** WHAT IS EXPECTED **
Extract only the lines from the start of the entries below to the line with "This kit includes", inclusive; omit every picture.

[DATA PROVIDED Boundary: Start]

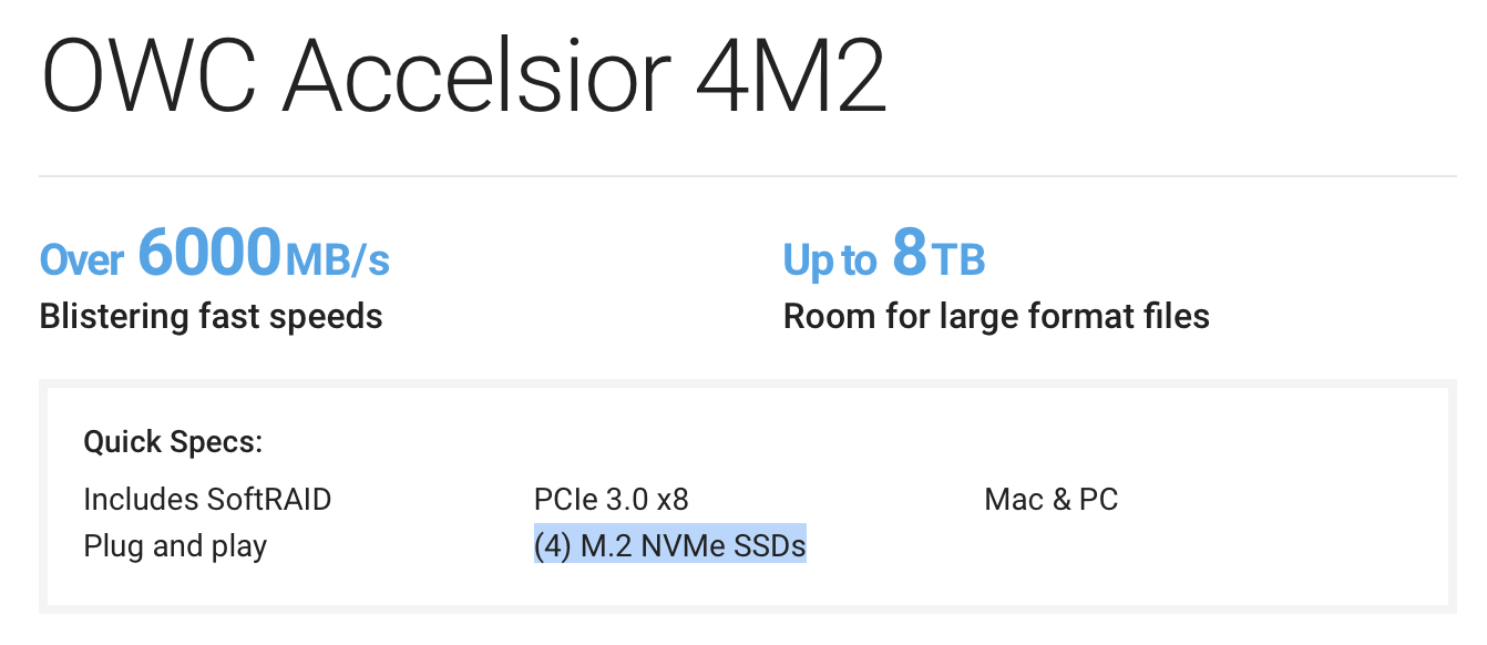 SSDACC4M20GB 0TB OWC Accelsior 4M2 PCIe 3.0 M.2 NVMe SSD Adapter Card for Mac Pro (2010-2012) and PC Towers. Add your own M.2 drives for up to 6000MB/s speed for video editing, VR/AR/MR, extreme gaming, and other high bandwidth needs.
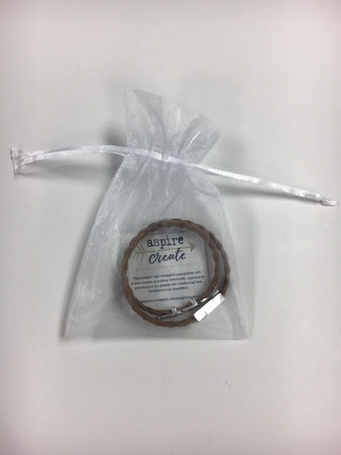 This kit includes tools, components and instructions to create three different Aspire bracelet styles. A selection from the following color options will be provided: Olive Green, Tobacco, Brown, Pastel Turquoise, Purple, Putty, Rust Single wrap style bracelet is the same as the double wrap but only wraps around the wrist once. |
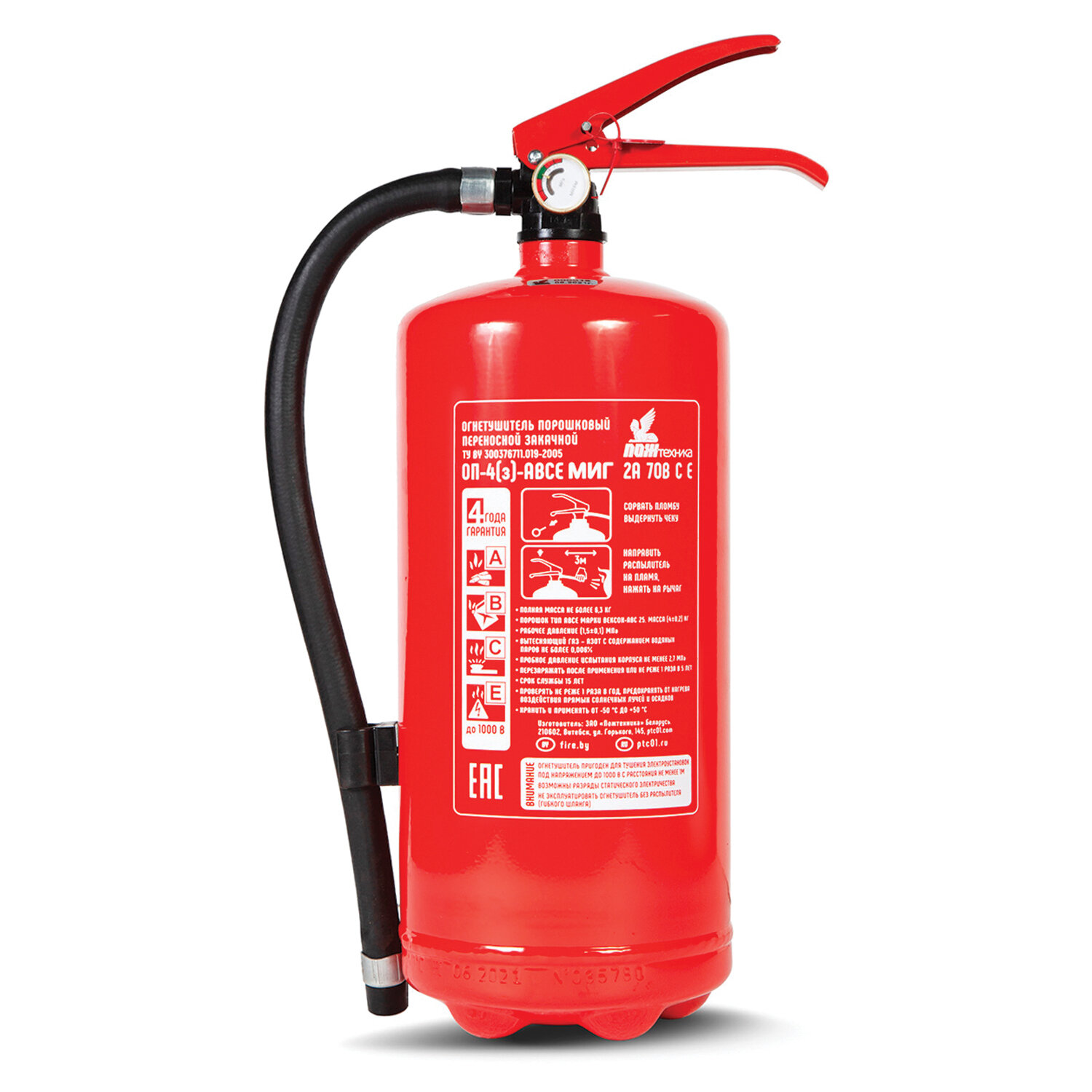 Масса заряда огнетушащего вещества - 4 кг. Ранг по модельным очагам: 2А, 55В, С, Е (до 1000В).
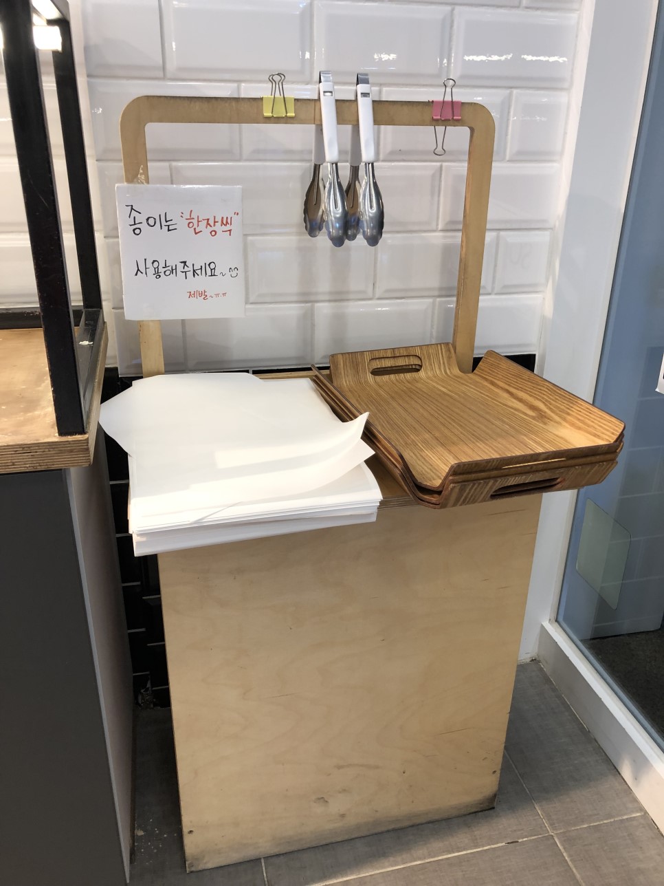 쟁반과 집게가 있어서 들고 원하는
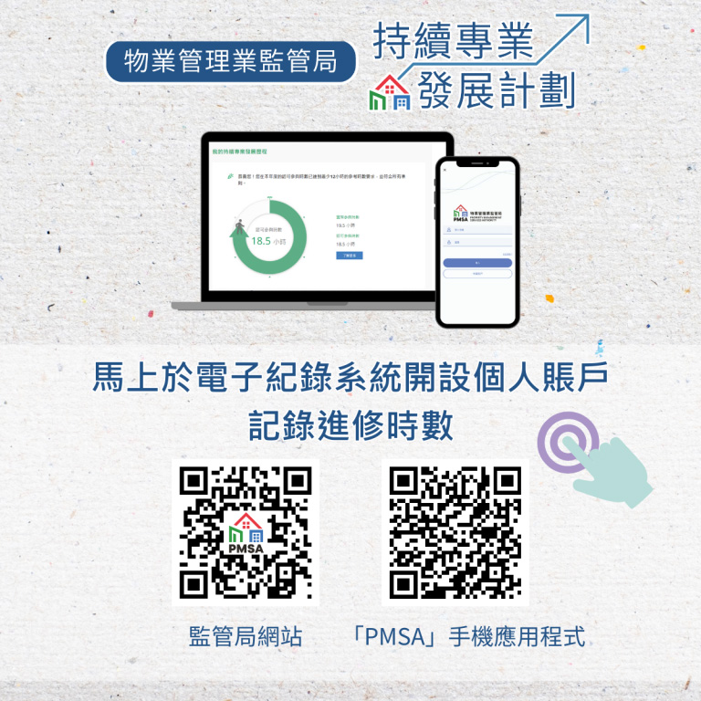 為方便物管人牌照持有人隨時查閱和管理自己參與持續專業發展活動/課程的紀錄,監管局早前推出了「計劃」電子紀錄系統。物管人牌照持有人可透過監管局網站「PMSA」手機應用程式於系統開設個人賬戶,以記錄其參與持續專業發展活動/課程的資料和時數,而系統會透過簡單圖表清楚展示個人的學習進度是否已達到「計劃」的認可參與時數要求及符合所有準則。物管人牌照持有人亦可於系統搜尋和報名參加監管局舉辦的活動並繳付費用,非常方便。
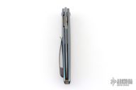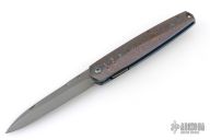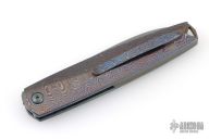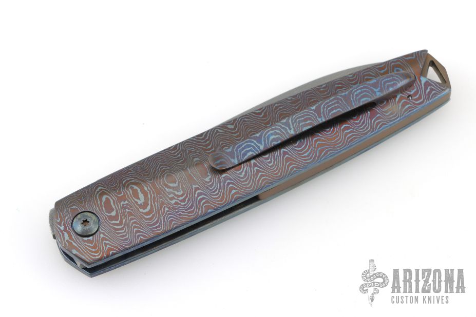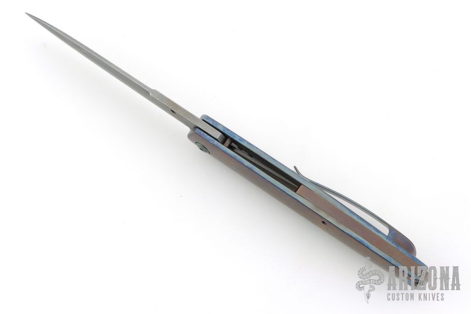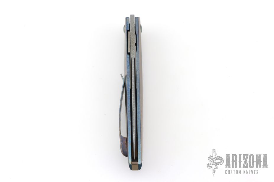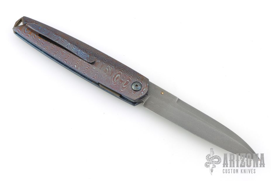 This "Pacific" by Bob Terzuola features a Vegas Forge "Fine Herringbone" Damascus blade with false top edge, nail nick, and a 5-6pt Diamond set in a gold bezel. Each knife from this years TKI show of Bob's has a diamond accent signifying his 75th Birthday. The handle has a full Chad Nichols MokuTi frame, inlaid lockbar with stainless lockface insert, orange peel and anodized titanium backspacer, tip up mokuti clip with hidden screws. Rides on bearings, nice detent, lockup and blade seating. Comes with zippered case. Excellent condition.
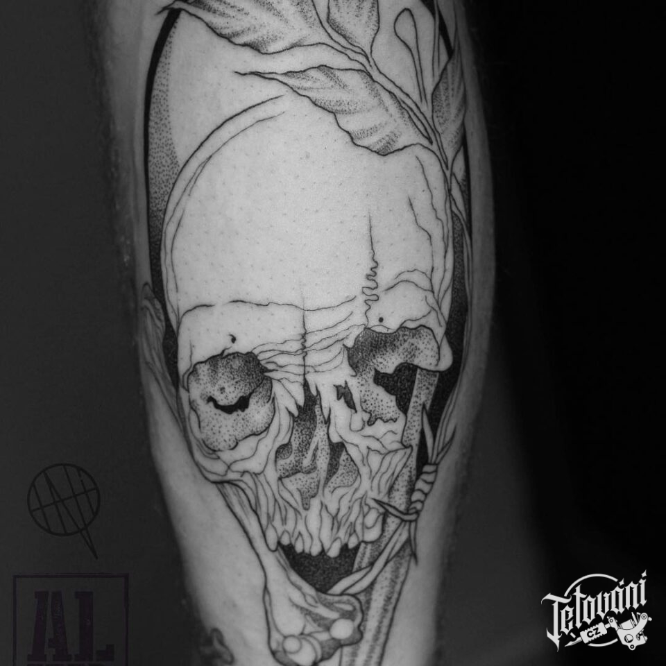 Tetování lebka na lýtku
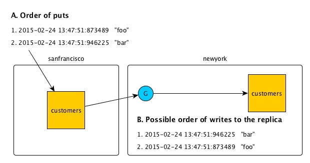 ネットワークの遅延などが生じた場合、古いデータが後から書き込まれる可能性がありますので、レプリカを参照するアプリケーションは書き込みの順番に依存しないよう設計されている必要があります。
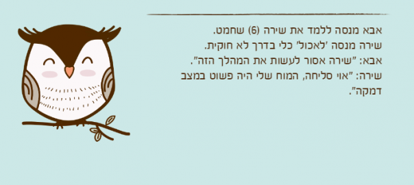 שירה מנסה 'לאכול' כלי בדרך לא חוקית.
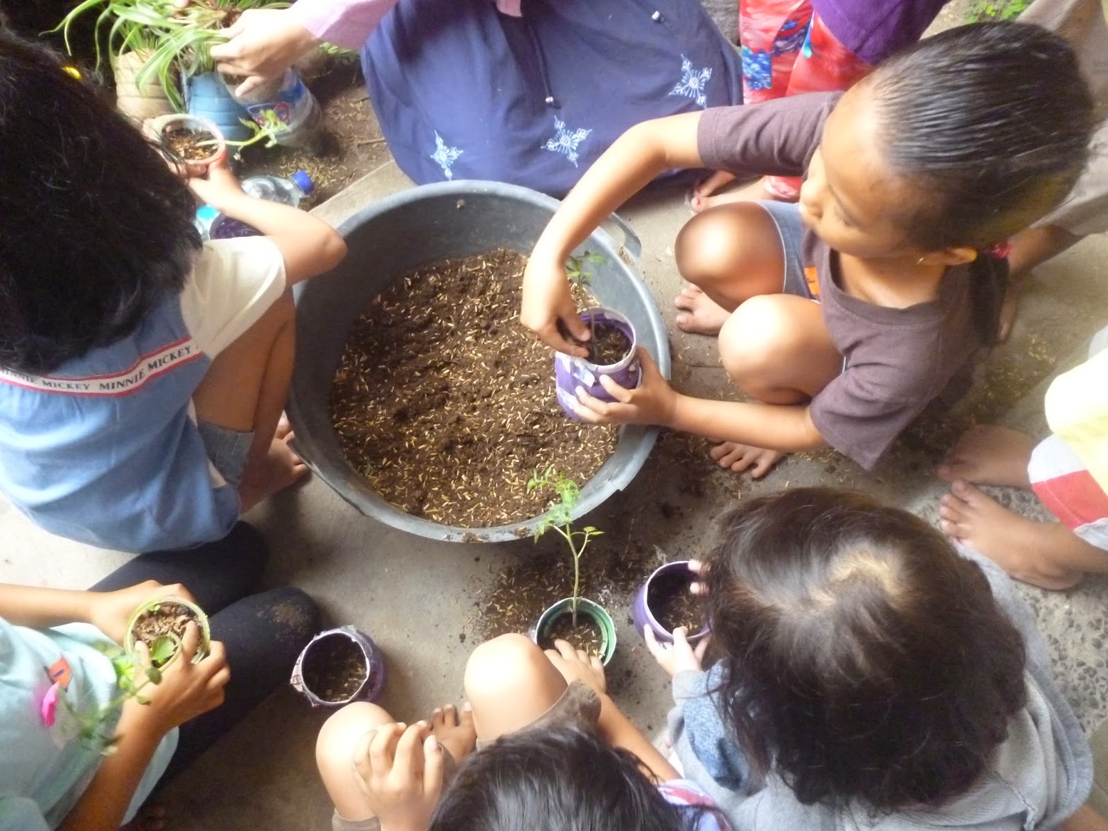 Anak-anak bersemangat sekali ingin ikut membuat udara lebih segar dengan menanam banyak tanaman. Mereka pun mulai menghias pot tanaman yang akan mereka gunakan untuk menanam pohon. Pot tanaman yang telah selesai mereka hias, bisa langsung digunakan untuk menanam pohon bersama-sama di sini. Ada yang menanam cabai, tomat, sensiviera dan tanaman hias lainnya. Diakhir acara anak-anak juga bersepakat untuk selalu menjaga dan merawat tanaman yang telah mereka tanam. Semoga dengan kegiatan ini kita bisa membantu membuat udara lebih segar.
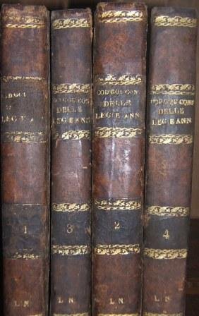 COL CONFRONTO DELLE LEGGI ROMANE E DEL DRITTO MEDIO SICOLO;ANNOTATO DI TUTTI I9 CORRISPONDENTI REALI DECRETI,RESCRITTI,REGOLAMENTI E ATTI MINISTERIALI PUBBLICATI FINORA,COLLA INDICAZIONE DEGLI ARTICOLI DELLE DIVERSE PARTI DEL CODICE, DI ALTRE LEGGI,STATUTI E REGOLAMENTI CHE VI HANNO CONNESSIONE, E COLLA CORRISPONDENZA DEGLI ARTICOLI DEL CODICE CIVILE FRANCESE.4 TOMI DI CIRCA 300-500 PAG. CADAUNO. PIATTI UN PO ROVINATI ALLE ESTREMITA. INCISIONI AL DORSO SBIADITE.
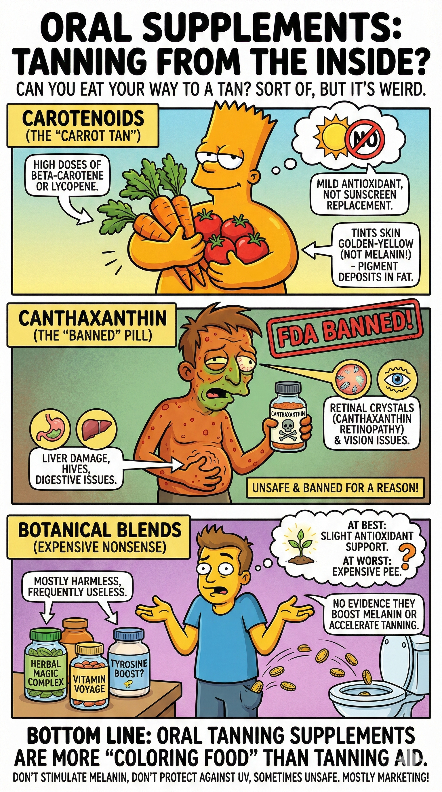 Bottom line: Oral tanning supplements are more “coloring food” than tanning aid. They don’t stimulate melanin, don’t protect against UV, and sometimes aren’t safe. Mostly marketing with a side of expensive pee.

[DATA PROVIDED Boundary: End]

** EXERCISE SOLUTION **
 SSDACC4M20GB 0TB OWC Accelsior 4M2 PCIe 3.0 M.2 NVMe SSD Adapter Card for Mac Pro (2010-2012) and PC Towers. Add your own M.2 drives for up to 6000MB/s speed for video editing, VR/AR/MR, extreme gaming, and other high bandwidth needs.
 This kit includes tools, components and instructions to create three different Aspire bracelet styles. A selection from the following color options will be provided: Olive Green, Tobacco, Brown, Pastel Turquoise, Purple, Putty, Rust Single wrap style bracelet is the same as the double wrap but only wraps around the wrist once. |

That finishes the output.